Tendo em vista que "capitalismo humanista" virou até linha de pesquisa em certos programas de pós-graduação, e por isso ele acabou sendo referido na obra, resolvi destacar este trecho da apresentação do livro, escrita por Taís Franciscon:
A democracia está numa ala separada: apinhada de pessoas que querem, finalmente, descobrir o que ela é; mas só há o modelo aprovado previamente por investidores. O museu do pó traz um conceito inovador: quanto mais resíduos tóxicos, mais avançada é a civilização. O museu dedicado à atmosfera provoca a asfixia; está repleto de retratos de genocidas que ganharam o Nobel da Paz.

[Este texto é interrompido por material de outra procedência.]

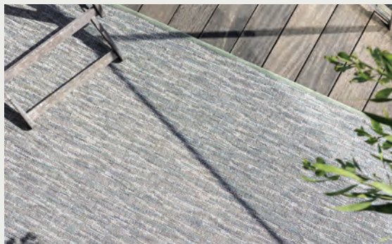
_02_ stone colors 887 with dune 700

Enjoy every sensation on the "menu": touch that cold travertine stone with your hands and feel that cosy feeling of having a nice rug under your bare feet. With eyes wide open, see beyond obvious colour combos, go for creative texture partnerships as well. You should enjoy every minute of your day. Your home is the epicentre of the creative "storm" ahead.
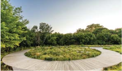
Naval Cemetery, Brooklyn US - Nelson Byrd Woltz LA
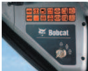
RIGHT Side Standard Instrument Panel
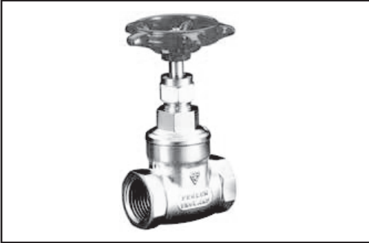
Forged brass full bore gate valve BS 5154 PN20 series B, female ends AB
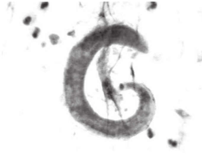
Figure 3. BAL revealing Strongyloides larvae and polymorphonuclear neutrophils
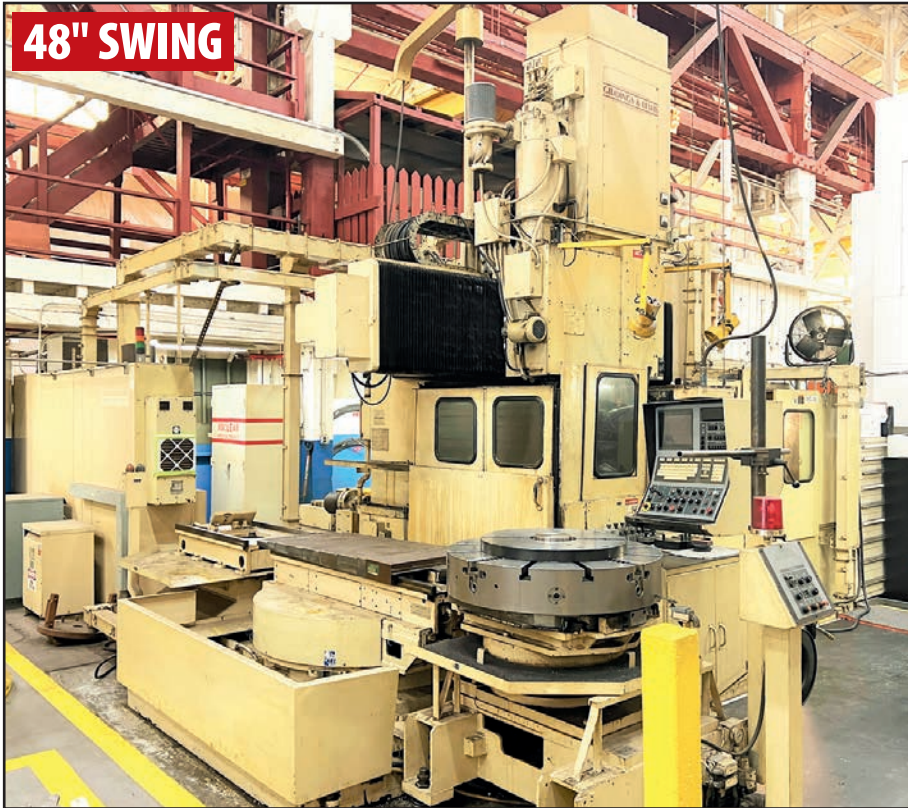
GIDDINGS & LEWIS 36" TWIN PALLET VERTICAL TURNING CENTER
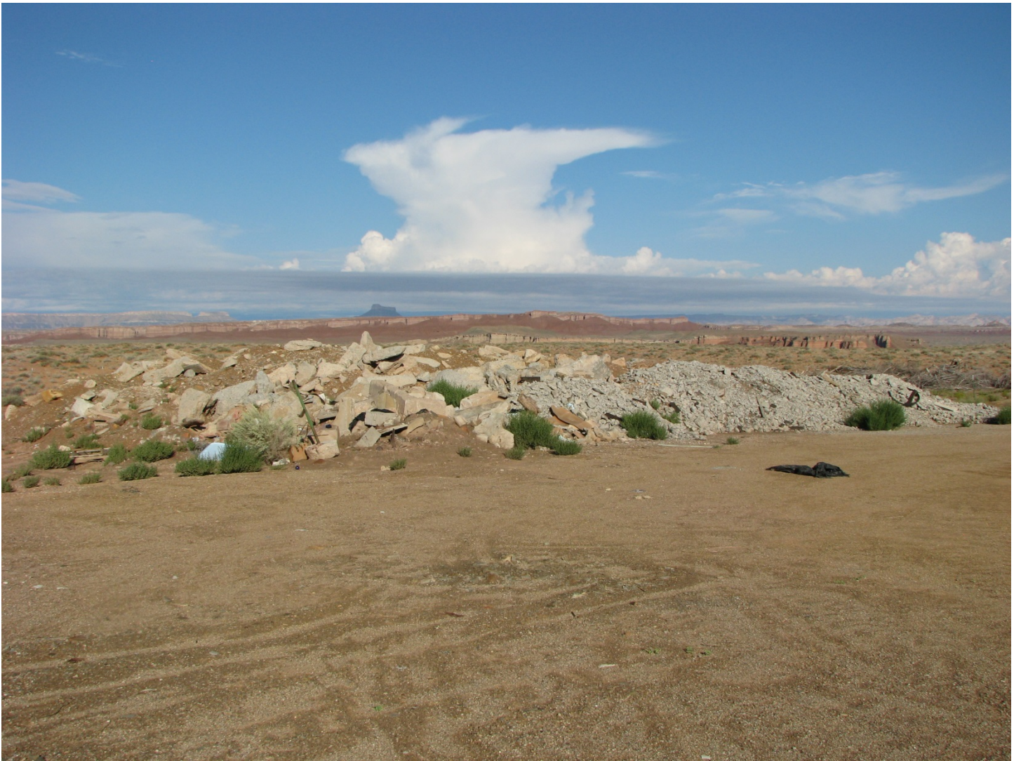
Inert waste pile
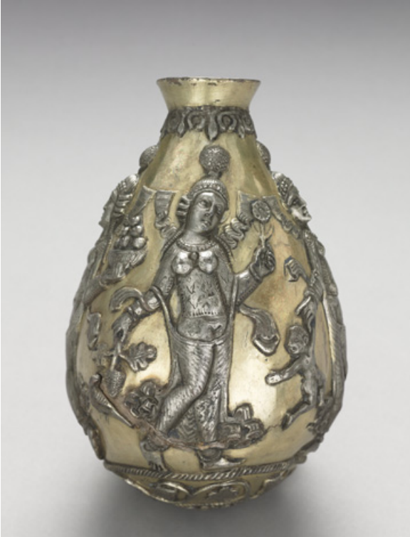
1.6. Anahita Vessel, 300–500 CE. Sasanian, Iran. Silver, cast, raised, repoussé, and gilded. Cleveland Museum of Art, Gift of Katherine Holden Thayer 1962.294.

The implications for the study of Byzantium of our alternative, expanded perspective are broad: approaches which privilege Greek, Chalcedonian Orthodoxy, Constantinople, imperial history, and the perspective of the metropole more generally, will be undermined and seen as incomplete and, indeed, as potentially elitist and exclusionary. 11 In their place, we offer a multicentric, polyglot, multi-confessional alternative whose geographical expanse includes all of the languages, traditions, and peoples of the Roman-ruled lands of the eastern Mediterranean and Near East, as well as areas and communities (such as the Sasanian Empire (Fig. 1.6), Georgia, or the Christian kingdom of Ethiopia) that were engaged with ideas that spread from within the Roman world. By emphasizing cultural connections, the mobility and transfer of people, objects, texts, ideas, and patterns of communal organization across linguistic and political boundaries, we put at the center of Byzantine Studies a world ripe for comparative study and we attempt to inject an enormously rich new set of materials and texts for study into the Byzantine canon.
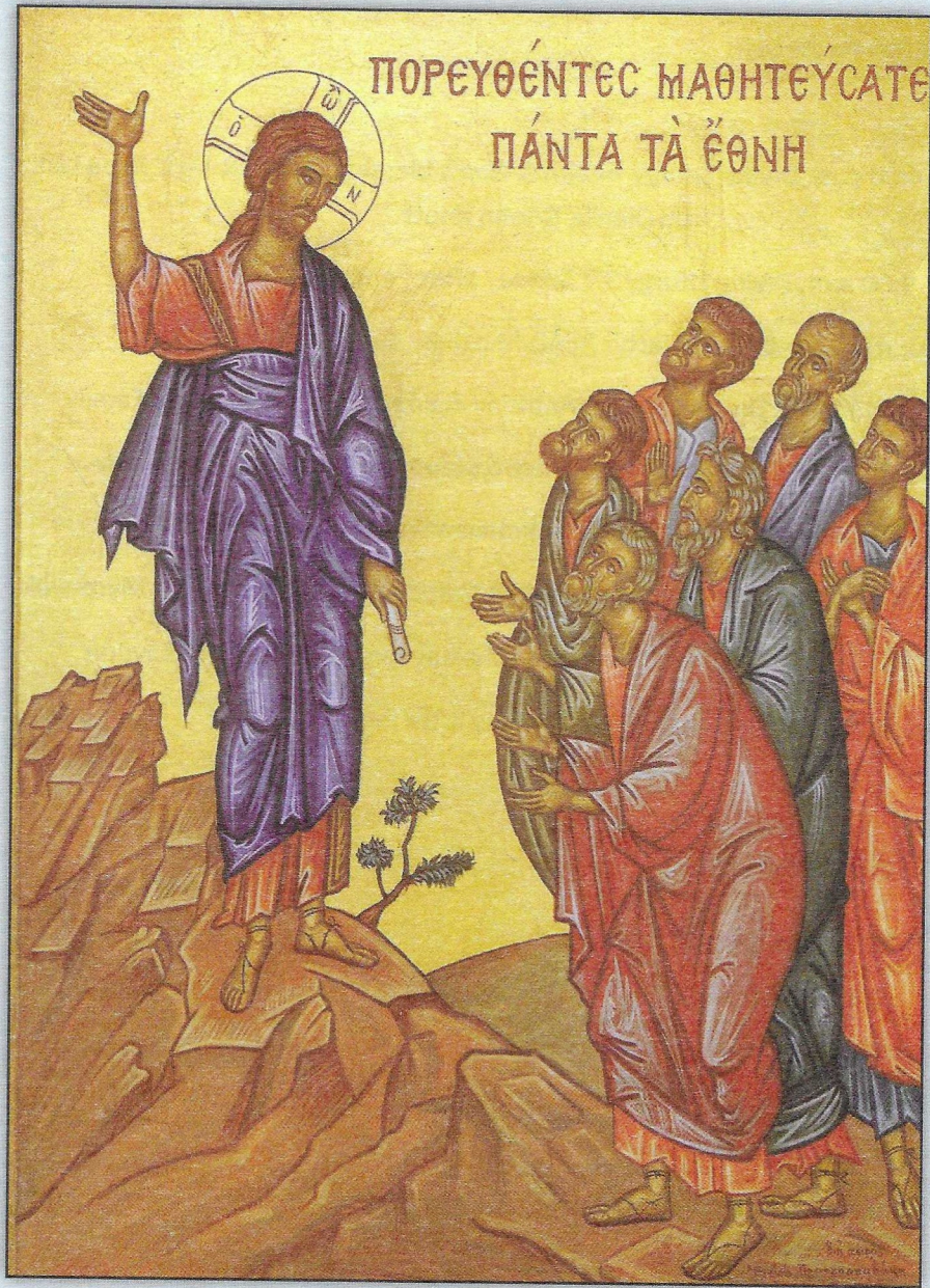
Icon of Jesus preaching to His Disciples
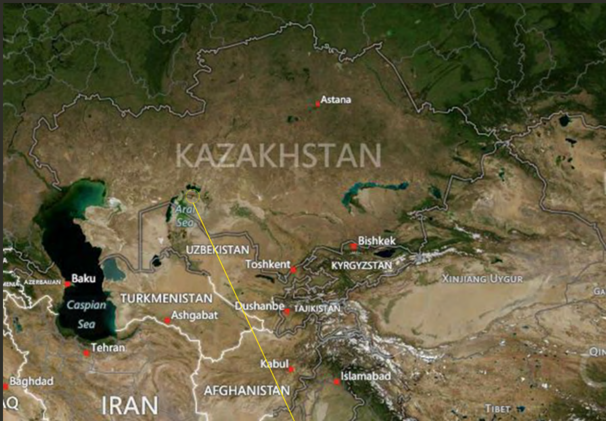
Biosphere Reserve Barsakelmes

Total area of the territory of Barsakelmes Biosphere Reserve is 407 132 ha. The main core zone (territory of Barsakelmes State Nature Reserve) is 160 826 ha, buffer zone is 46 306.34 ha, development zone – about 200,000 ha.
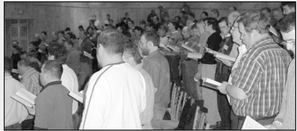
The Virginia Men's Prayer Advance in Goshen at Rockbridge Alum Springs Young Life Camp.
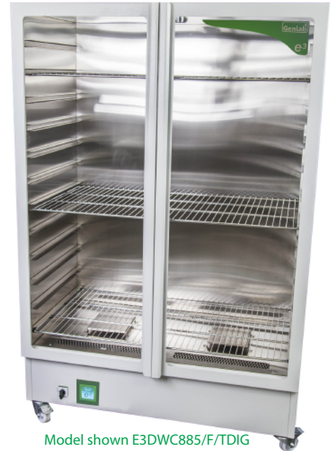
Model shown E3DWC885/F/TDIG

Genlab is proud to offer their customers a unique range of sustainable laboratory products and services. e 3 is our market leading brand for scientifically developed, cutting edge, sustainable, eco-friendly products. Genlab's new e 3 range of glassware drying cabinets are energy efficient, safer and economic to run. Working with the University of Cambridge, we developed units that represent a novel, sustainable solution to glassware drying. They feature our latest touch screen control system, which offers intuitive control and excellent accuracies with bespoke firmware for energy saving control, including adjustable automatic on/off times.
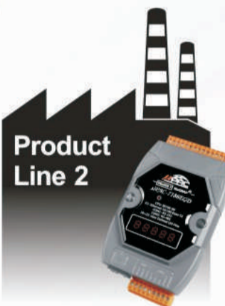
Product Line 2
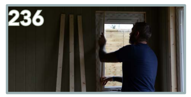
Apply the side framing, using 5 x 30mm nails per board.
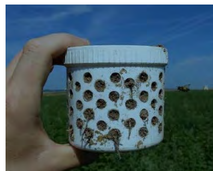
Figure 1: Schematic representation of a pot and plate trap as well as an image of a Meles pot trap.
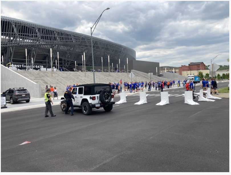
Pedestrian/fan safe zone at new FC Cincinnati stadium.
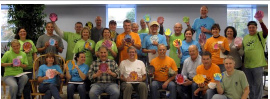
Volunteer group from Bayer CropScience who completed a day of service at the Raleigh Safety & Community Club.

*We received an additional $1,111,270.86 from the NC Dept. of Commerce for the Neighborhood Stabilization Program.
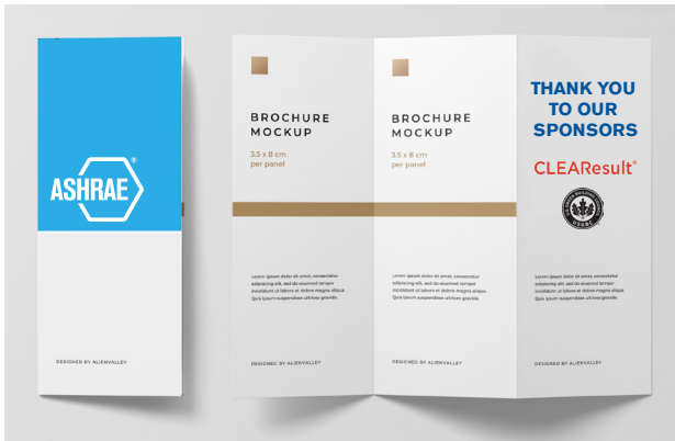
EVENT PROGRAM FLYER Include space for sponsor logos and recognition text.
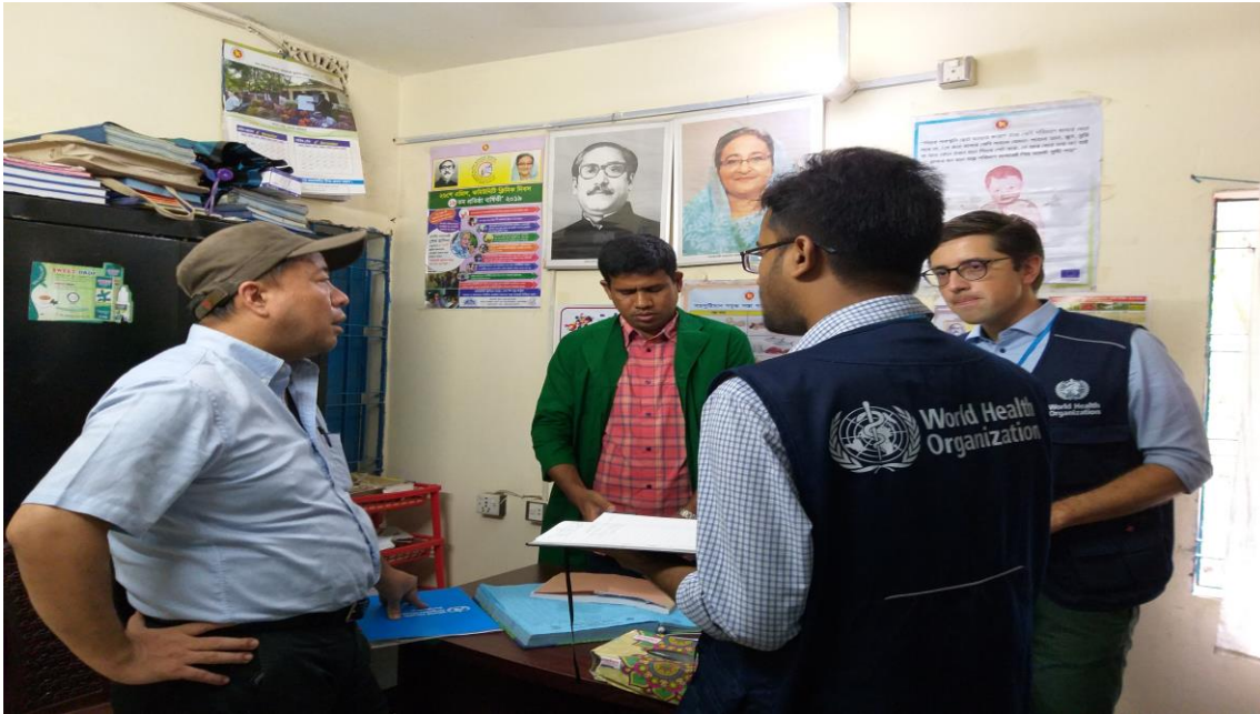
Field visit with the mission from Embassy of Japan in Bangladesh, on 17 June 2019.

Em meio à topografia negativa, o Livre Mercado, maiúsculas como um deus, vive a apoteose. Por um lado, realiza ações que não são tão distantes da realidade: defende o direito empresarial do agrotóxico; comercializa, online, atentados à dignidade humana, apenas porque são lucrativos; inclui nos decretos petrolíferos a compra de acidentes atômicos. Vale observar que é justamente o Livre Mercado quem motiva o “capitalismo humanista das bombas”: afinal, quem anuncia a cotação na Bolsa de Valores são homens-bomba. No último estágio, há bombas em paraísos fiscais, enquanto “a bomba financia / os planos globais de investimento / no mercado da catástrofe”.
Ao se falar desse capitalismo explosivo, entra em cena outro agente da perpetuação da barbárie: o Estado, cujos fiéis servidores são as jaulas. Dependente das fraturas dos ossos e das lágrimas, o Estado transmuta os direitos humanos para as barras de ferro e, diante da tragédia, surrupia a democracia, que lhe começa a parecer incômoda. Em nome dele, memórias de massacres são sufocadas. O apagamento de registros de atrocidades é tarefa conhecida pelo autor. Desarquivar o Brasil está na trajetória poética e jurídica de Pádua Fernandes; ele foi um dos pesquisadores da Comissão da Verdade do Estado e da Prefeitura de São Paulo.
Apesar de O Desvio das Gentes reverberar, inevitavelmente, os traços do horror brasileiro, fica claro que o panorama devastador pertence a uma geografia ampla, onde os “horizontes são alargados até o napalm”.